**** Data section
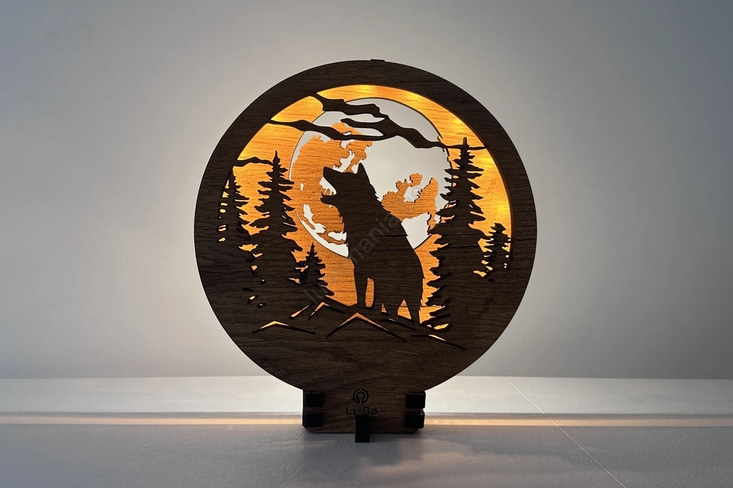 Li-Go 23574/DUB2 - Lampe décorative de table LED à intensité variable LED/12W/230V 20x22 cm chêne/Loup et lune
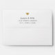 Custom-designed wedding return address envelope featuring modern typography and gold heart design.
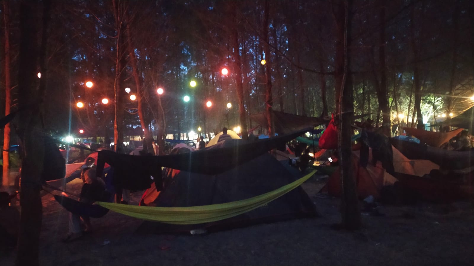 Suasana dan nuansa piknik benar-benar terlihat karena banyak rombongan bukan hanya membawa tenda serta terpal melainkan juga panci, kompor, ember hingga tabung gas 3 kiloan.
********
Problem to work on: The task calls for every line of the data to be returned exactly, without pictures.

Exercise result:
 Li-Go 23574/DUB2 - Lampe décorative de table LED à intensité variable LED/12W/230V 20x22 cm chêne/Loup et lune
 Custom-designed wedding return address envelope featuring modern typography and gold heart design.
 Suasana dan nuansa piknik benar-benar terlihat karena banyak rombongan bukan hanya membawa tenda serta terpal melainkan juga panci, kompor, ember hingga tabung gas 3 kiloan.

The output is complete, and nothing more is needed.